> [WHAT IS NEEDED]
Please output exactly the lines below, starting at the line that has "Die geräumigen Zimmer" and ending at the line that has "シンプルなトップスに合わせる", both included; leave out all pictures and include nothing else.

> [MATERIALS PROVIDED]

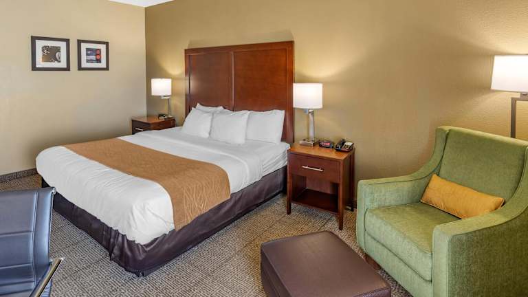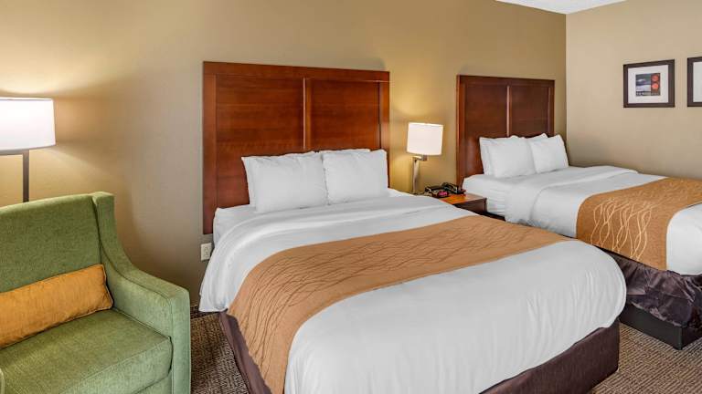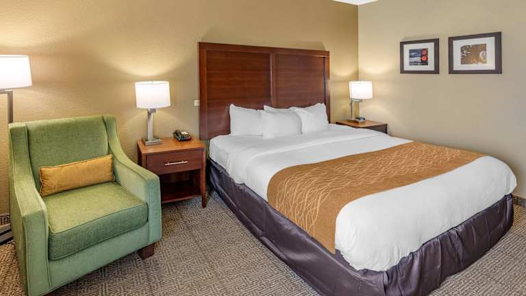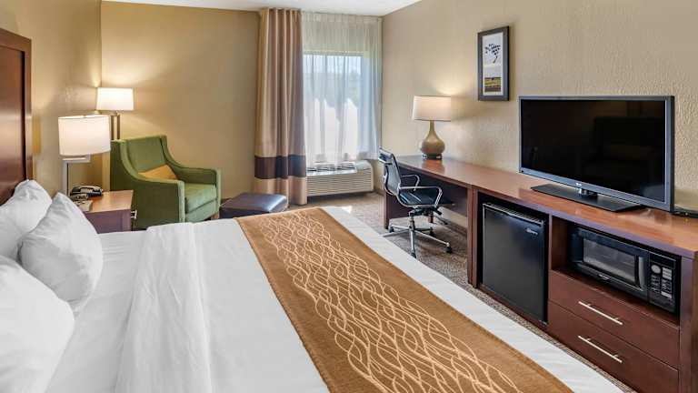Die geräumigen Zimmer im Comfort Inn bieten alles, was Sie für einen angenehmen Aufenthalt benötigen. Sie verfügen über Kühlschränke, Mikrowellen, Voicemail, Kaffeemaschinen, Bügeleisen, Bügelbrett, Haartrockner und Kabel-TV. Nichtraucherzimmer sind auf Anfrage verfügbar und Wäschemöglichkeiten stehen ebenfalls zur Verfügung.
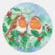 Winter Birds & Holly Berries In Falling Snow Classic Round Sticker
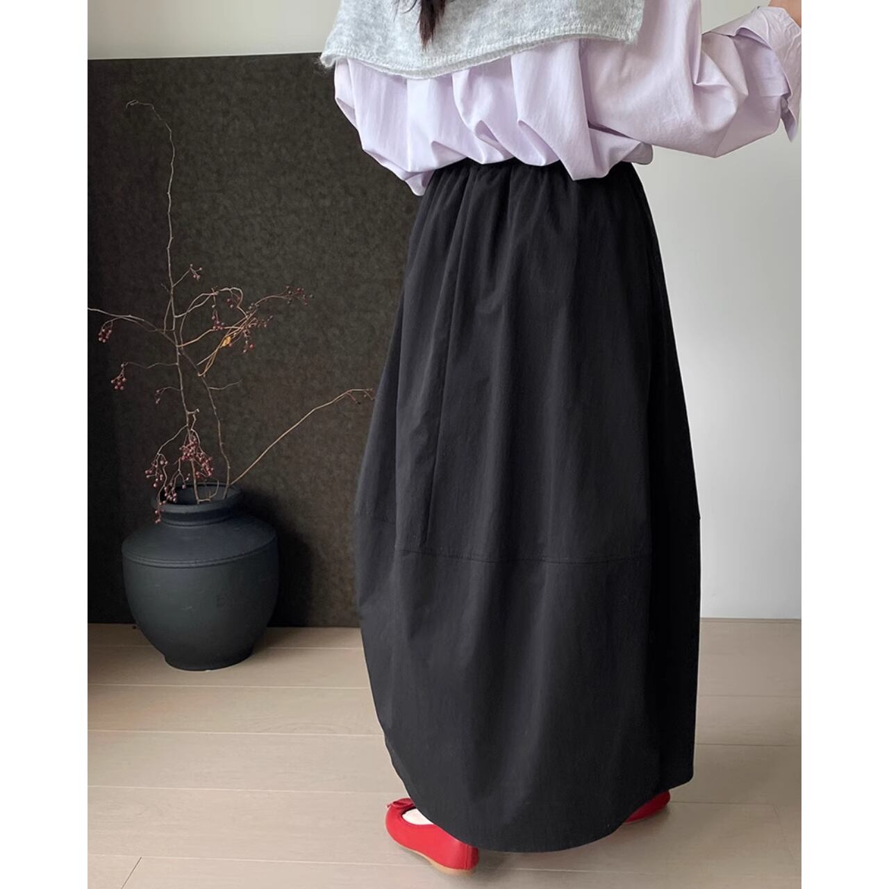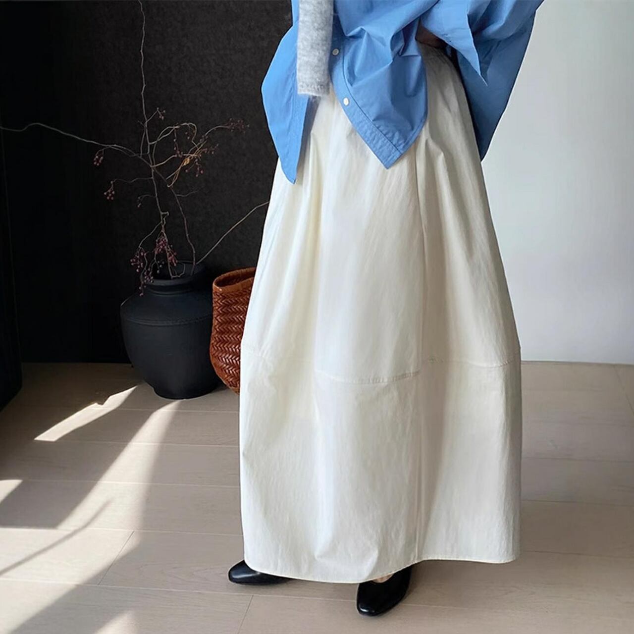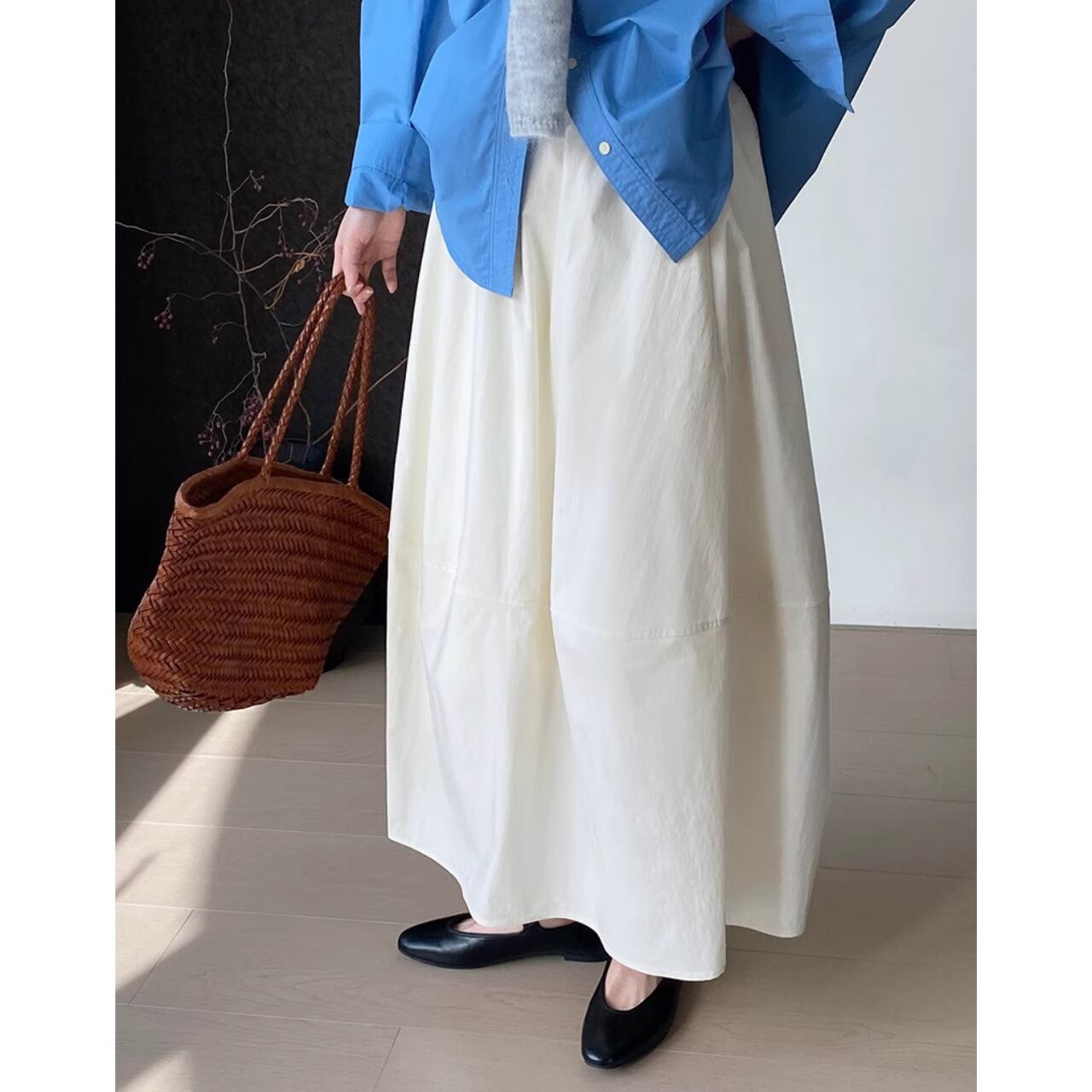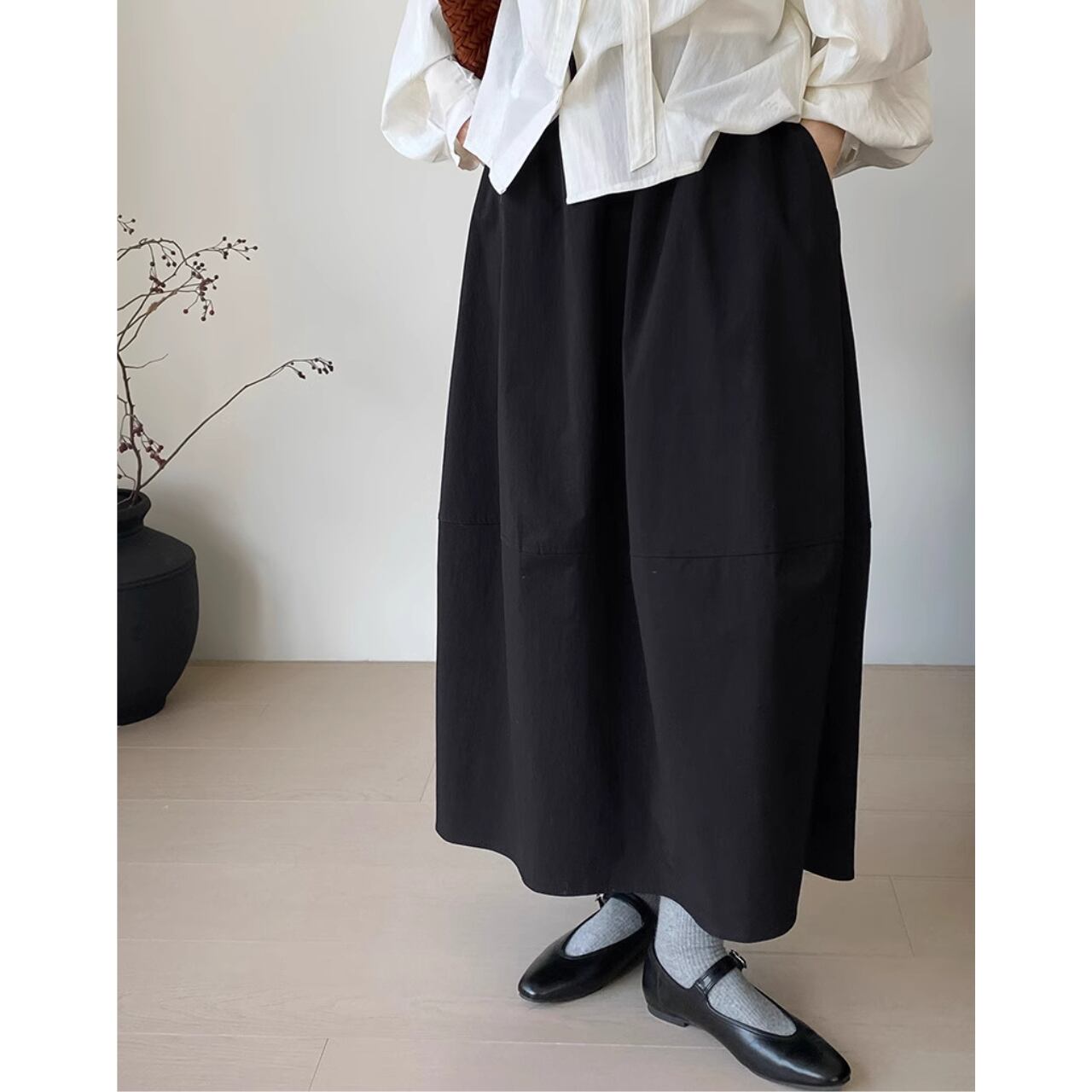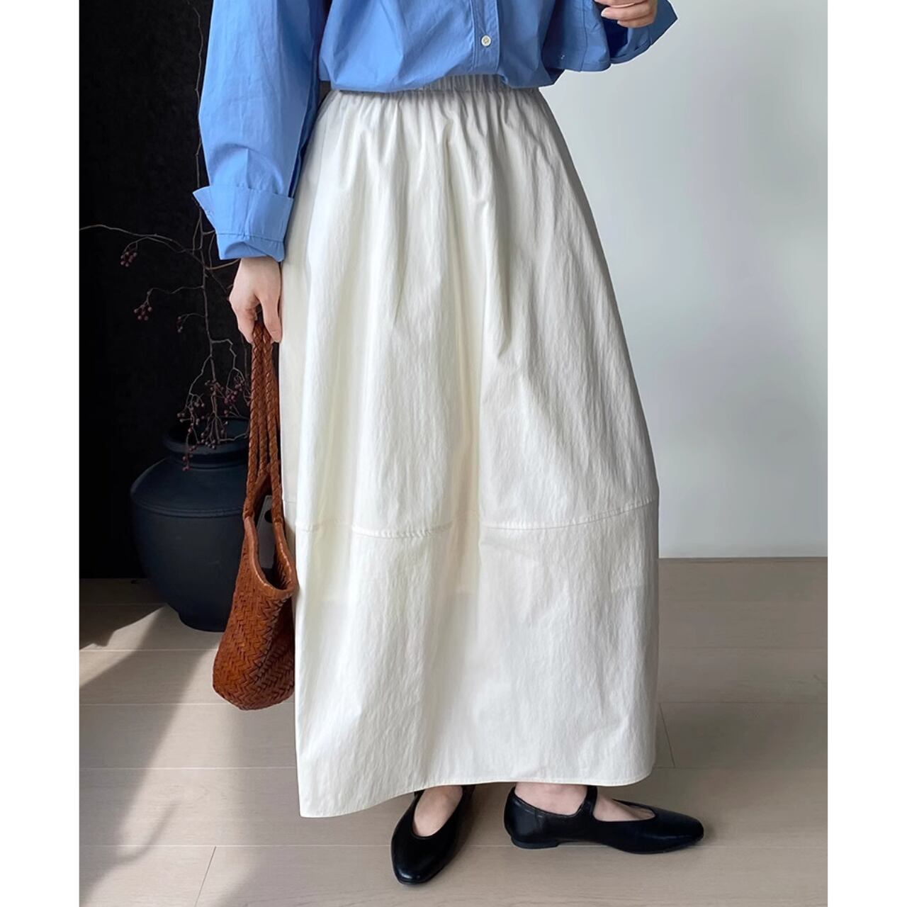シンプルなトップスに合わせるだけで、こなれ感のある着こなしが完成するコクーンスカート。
...
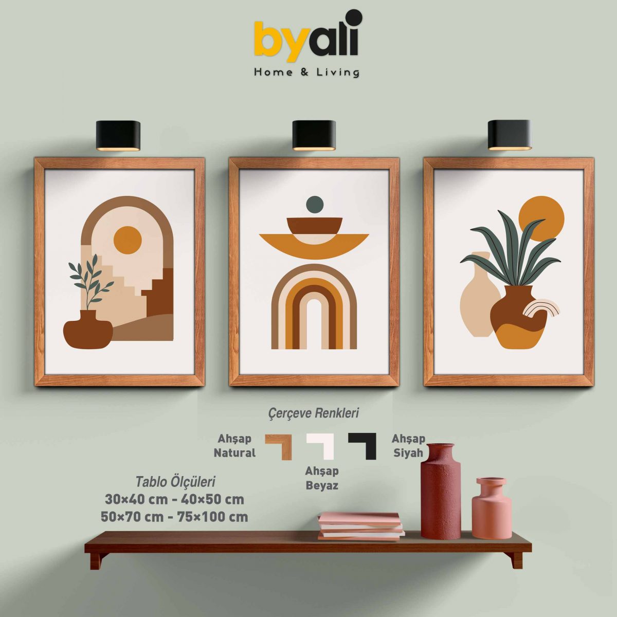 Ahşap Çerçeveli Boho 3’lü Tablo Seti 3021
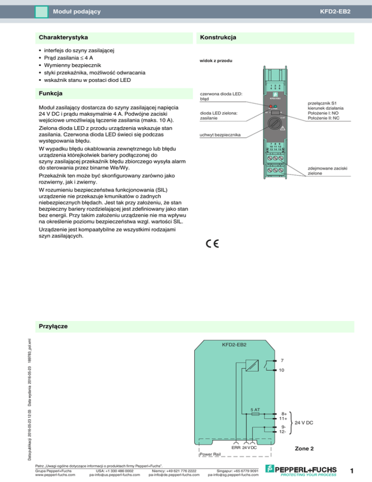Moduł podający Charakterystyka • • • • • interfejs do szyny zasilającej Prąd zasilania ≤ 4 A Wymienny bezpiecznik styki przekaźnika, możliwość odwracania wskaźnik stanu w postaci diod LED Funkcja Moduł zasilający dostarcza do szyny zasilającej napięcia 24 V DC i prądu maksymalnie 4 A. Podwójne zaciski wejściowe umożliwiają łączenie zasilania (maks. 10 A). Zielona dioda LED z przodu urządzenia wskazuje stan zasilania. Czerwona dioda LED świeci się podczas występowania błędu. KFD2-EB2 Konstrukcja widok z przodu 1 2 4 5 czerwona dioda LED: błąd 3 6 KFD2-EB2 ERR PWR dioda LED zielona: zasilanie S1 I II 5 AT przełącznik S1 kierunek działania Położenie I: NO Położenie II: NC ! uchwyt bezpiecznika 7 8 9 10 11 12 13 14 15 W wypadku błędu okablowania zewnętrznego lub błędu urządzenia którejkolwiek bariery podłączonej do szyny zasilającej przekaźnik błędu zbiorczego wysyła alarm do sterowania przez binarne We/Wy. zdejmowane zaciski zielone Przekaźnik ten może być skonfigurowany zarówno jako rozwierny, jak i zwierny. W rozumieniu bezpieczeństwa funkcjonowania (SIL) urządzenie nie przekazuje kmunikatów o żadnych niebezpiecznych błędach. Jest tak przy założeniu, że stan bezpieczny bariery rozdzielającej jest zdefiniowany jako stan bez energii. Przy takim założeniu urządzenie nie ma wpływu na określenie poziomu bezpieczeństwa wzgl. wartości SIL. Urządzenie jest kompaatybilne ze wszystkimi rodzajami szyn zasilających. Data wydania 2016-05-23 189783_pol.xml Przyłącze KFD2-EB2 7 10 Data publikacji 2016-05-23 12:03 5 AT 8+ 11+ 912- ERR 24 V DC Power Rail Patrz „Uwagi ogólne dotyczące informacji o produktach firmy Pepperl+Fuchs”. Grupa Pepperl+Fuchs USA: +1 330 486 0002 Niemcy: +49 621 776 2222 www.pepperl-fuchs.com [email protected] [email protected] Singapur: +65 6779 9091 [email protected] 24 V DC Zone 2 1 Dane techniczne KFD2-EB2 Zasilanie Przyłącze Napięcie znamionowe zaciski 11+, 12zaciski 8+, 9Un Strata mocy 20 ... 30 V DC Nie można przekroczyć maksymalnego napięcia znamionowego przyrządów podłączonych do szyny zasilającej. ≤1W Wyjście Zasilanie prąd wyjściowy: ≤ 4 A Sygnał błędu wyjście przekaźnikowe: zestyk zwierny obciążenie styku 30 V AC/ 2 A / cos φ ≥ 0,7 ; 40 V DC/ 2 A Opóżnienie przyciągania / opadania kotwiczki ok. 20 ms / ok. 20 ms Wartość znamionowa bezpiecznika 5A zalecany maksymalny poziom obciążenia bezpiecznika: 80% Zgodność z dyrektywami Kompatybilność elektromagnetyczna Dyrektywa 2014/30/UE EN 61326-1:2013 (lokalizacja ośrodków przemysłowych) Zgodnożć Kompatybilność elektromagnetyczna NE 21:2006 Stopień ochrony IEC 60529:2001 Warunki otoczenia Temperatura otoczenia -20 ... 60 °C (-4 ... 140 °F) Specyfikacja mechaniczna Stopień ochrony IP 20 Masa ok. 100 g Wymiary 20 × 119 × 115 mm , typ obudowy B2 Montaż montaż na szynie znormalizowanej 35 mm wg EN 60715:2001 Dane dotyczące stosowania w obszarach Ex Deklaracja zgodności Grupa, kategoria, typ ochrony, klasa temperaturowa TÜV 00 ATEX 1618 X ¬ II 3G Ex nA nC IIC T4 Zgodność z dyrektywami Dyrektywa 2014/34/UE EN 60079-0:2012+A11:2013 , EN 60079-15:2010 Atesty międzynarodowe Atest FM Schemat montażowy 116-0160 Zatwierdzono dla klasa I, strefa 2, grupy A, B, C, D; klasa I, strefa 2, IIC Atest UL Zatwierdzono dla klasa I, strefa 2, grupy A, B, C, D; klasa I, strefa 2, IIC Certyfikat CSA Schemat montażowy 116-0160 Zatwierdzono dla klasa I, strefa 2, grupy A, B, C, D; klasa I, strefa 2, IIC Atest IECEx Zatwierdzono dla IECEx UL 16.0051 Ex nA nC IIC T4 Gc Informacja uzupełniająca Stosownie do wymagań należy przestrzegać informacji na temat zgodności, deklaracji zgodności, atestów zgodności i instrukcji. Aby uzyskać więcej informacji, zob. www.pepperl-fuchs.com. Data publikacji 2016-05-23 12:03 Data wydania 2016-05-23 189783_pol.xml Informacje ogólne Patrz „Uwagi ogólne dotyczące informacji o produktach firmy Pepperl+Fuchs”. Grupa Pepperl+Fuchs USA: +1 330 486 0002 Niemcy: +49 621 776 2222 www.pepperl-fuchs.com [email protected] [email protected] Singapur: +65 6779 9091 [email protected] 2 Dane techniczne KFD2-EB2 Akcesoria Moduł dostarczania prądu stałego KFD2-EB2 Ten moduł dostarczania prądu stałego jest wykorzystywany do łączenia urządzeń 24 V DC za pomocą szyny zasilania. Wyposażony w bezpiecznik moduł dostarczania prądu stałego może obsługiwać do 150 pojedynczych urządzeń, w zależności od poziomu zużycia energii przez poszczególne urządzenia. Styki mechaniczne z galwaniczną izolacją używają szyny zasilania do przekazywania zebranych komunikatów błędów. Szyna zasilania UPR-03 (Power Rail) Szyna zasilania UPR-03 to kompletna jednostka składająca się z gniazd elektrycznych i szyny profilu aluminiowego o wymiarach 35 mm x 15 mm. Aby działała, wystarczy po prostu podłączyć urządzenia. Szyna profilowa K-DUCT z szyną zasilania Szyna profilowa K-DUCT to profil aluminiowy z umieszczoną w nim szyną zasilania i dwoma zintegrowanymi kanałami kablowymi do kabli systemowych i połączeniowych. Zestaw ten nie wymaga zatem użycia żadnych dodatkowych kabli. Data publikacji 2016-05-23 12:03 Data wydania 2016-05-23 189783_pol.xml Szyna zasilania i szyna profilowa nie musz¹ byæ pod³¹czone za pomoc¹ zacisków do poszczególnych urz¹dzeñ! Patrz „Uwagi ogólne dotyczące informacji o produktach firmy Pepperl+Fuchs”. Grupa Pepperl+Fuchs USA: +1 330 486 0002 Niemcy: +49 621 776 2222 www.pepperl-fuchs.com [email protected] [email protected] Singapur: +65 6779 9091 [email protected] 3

> [FINAL ANSWER]
Die geräumigen Zimmer im Comfort Inn bieten alles, was Sie für einen angenehmen Aufenthalt benötigen. Sie verfügen über Kühlschränke, Mikrowellen, Voicemail, Kaffeemaschinen, Bügeleisen, Bügelbrett, Haartrockner und Kabel-TV. Nichtraucherzimmer sind auf Anfrage verfügbar und Wäschemöglichkeiten stehen ebenfalls zur Verfügung.
 Winter Birds & Holly Berries In Falling Snow Classic Round Sticker
シンプルなトップスに合わせるだけで、こなれ感のある着こなしが完成するコクーンスカート。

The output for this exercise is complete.